Was it disgust that flattened his tone? Or indifference? My heart shuddered uselessly, but I kept steady and kissed behind his left ear, the way he liked. He groaned.
The dentist was my bargain; the dentist I could keep.
It was easier to move through the world with him on my elbow than alone, when the doormen were more suspicious of women of my complexion. Unlike most white men of my acquaintance, he rarely let a bad word escape his lips about Negroes or even any other group. Besides, he was handsome enough and in possession of an understanding wife. For those qualities, I overlooked his other lapses as a lover—an aversion to cunnilingus, the ghoulish whiteness of his teeth, the faint but clinging scent of antiseptic. My dissatisfactions were, I knew, the inevitable neuroses of his profession, and considering those of my own profession, I was inclined to anticipatory forgiveness, hoping to get the same gold for myself. If I lost him, I wouldn’t have an easy time finding an old man half so nice; not at thirty-five, with my first grays wiggling out of my lye-made hair, and the scars that only Dev might have loved.
“How long has it been since the last one, darling?”
“Months,” I said, not wanting to own the number—seven—which felt too long and too short. I took a breath before answering the other question. “They’re bad people, you know, that’s all Victor gives me. Murderers and rapists. Real scum. When I signed on with Victor, that was our deal. That I’d be more than a hatchet man. That I could make the world a better place.”
By killing people? You really believe that. I could hear Dev’s voice in the silence; the dentist only nodded.
“Russian Vic’s angel of justice. His holy knife.” Pronounced carefully, like he was reading it from a book.
My fingers locked. Most people called me that first thing—Victor’s angel, sometimes of justice. But only a few, the ones who had known me longest, called me his knife.
“Where did you hear that?” I asked.
The dentist looked out the window. “That—I mean, the Hindu bartender—Dev, right?—called you that once. Stuck in my head. Sounded more biblical when he said it, though.”
To Dev, there was no such thing as holy violence. I hadn’t quite believed him when he first said so, not even when I let him take me from the city. He told me about karma and the weight of our past and present lives, but I only felt it long after.
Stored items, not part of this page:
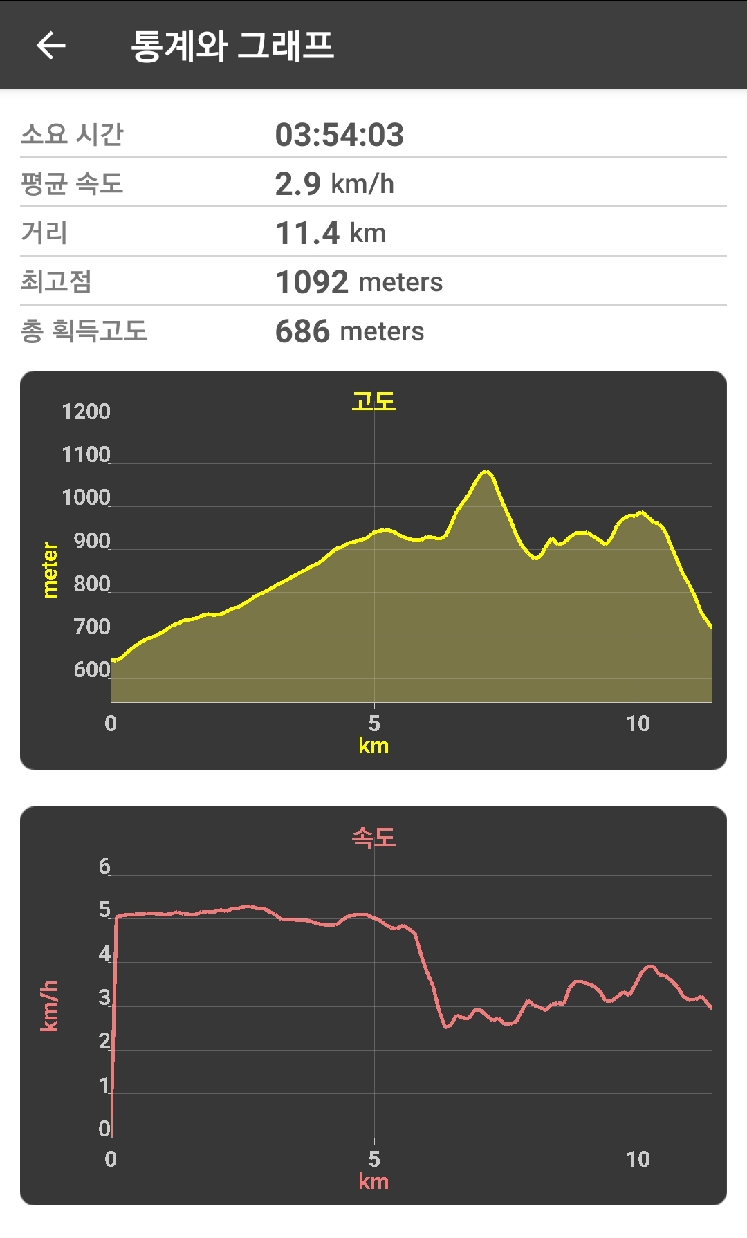이 코스의 이동거리는 11.4km이며, 약 4시간이 소요되었습니다.
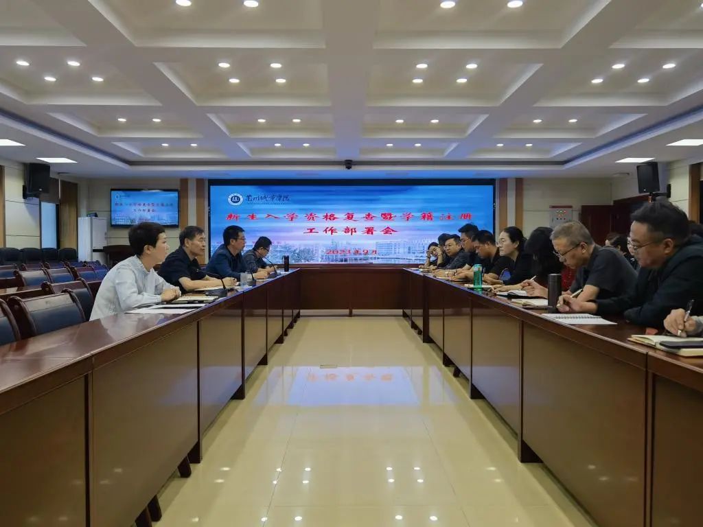 【9月14日】新生入学资格复查暨学籍注册工作部署会在校本部第二会议室召开。党委常委、副校长牟录贵出席会议并讲话,学校纪委、监察专员办公室,招生就业处、教务处、二级学院负责人,学籍管理工作人员参加会议。
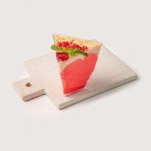 Бисквит фисташковый, мусс фисташковый, начинка клубничная
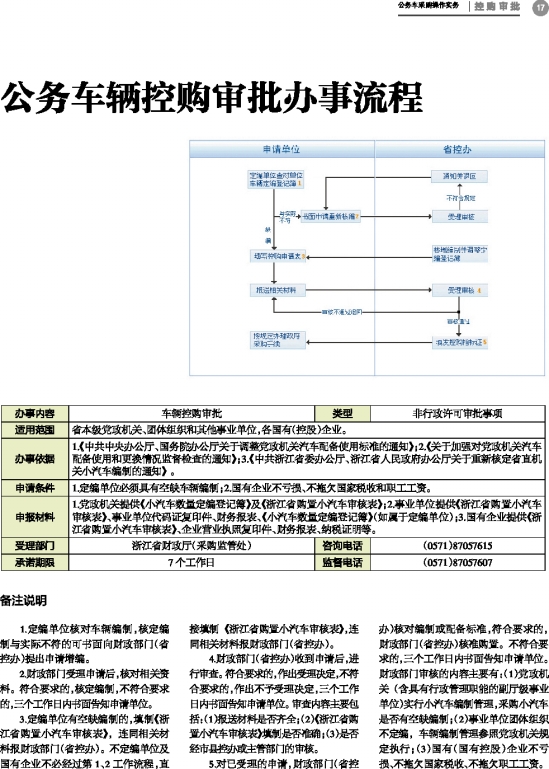 办事依据 1.《中共中央办公厅、国务院办公厅关于调整党政机关汽车配备使用标准的通知》;2.《关于加强对党政机关汽车配备使用和更换情况监督检查的通知》;3.《中共浙江省委办公厅、浙江省人民政府办公厅关于重新核定省直机关小汽车编制的通知》 。

These days I avoided Victor, I refused jobs, I worried alone because I could not add to my ledger, and I could not bury my knives. But Red Man would visit soon. The dreams the hands give don’t lie. I had to choose, one more time.
I could go back to Harlem, to the shabby familiarity of the old apartment complex at the corner of 130th and Lenox. Move in with my sister Gloria and her husband Tom and their kids. Red Man would find me there but he’d leave me alone if I asked. I wouldn’t have Dev, and I wouldn’t have the knives, and I wouldn’t have everything I hated and loved about being Victor’s angel of justice—
Gloria loved me, but she wouldn’t open her home to a murderess, not even her sister.
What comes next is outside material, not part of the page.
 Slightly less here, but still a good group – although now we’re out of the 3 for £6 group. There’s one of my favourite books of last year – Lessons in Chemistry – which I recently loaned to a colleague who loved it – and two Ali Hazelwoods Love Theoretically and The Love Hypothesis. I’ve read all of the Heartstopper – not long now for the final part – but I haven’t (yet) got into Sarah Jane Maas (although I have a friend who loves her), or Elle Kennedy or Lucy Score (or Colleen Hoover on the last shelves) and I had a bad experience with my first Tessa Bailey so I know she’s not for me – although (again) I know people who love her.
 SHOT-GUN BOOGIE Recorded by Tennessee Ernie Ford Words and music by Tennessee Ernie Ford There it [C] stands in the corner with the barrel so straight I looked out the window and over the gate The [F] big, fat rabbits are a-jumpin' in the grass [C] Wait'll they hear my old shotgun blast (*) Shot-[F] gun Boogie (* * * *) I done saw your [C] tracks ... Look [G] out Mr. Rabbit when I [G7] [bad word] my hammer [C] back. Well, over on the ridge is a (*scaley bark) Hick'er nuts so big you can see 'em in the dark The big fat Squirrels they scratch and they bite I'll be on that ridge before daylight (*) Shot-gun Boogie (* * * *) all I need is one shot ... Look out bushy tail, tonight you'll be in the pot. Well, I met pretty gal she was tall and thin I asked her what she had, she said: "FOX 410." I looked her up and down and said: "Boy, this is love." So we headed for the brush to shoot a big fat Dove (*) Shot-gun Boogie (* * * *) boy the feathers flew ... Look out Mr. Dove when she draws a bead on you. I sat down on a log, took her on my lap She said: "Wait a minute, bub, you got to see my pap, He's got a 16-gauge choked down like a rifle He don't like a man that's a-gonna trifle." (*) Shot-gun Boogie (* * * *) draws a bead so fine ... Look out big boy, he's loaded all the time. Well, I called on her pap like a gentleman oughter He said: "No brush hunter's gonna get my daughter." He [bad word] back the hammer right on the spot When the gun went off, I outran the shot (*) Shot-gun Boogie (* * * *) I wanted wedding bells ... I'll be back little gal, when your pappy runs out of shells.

“Aren’t you afraid?” the dentist asked.
For a jittery moment, I thought he had read my mind—or seen my ghosts. Lenox Avenue, the tony apartments on Sugar Hill around the corner, afternoon number runs for Madame Stephanie and the Barkley brothers, the barber shops and the stoops and the rent parties and buffet flats that lasted till morning, the sex and the poetry. Policy slips like numbered confetti in the silk purse bound tight by my garter.
But the dentist only knew Phyllis LeBlanc, not Phyllis Green.
“Afraid of the second dream,” he said when I just stared at him.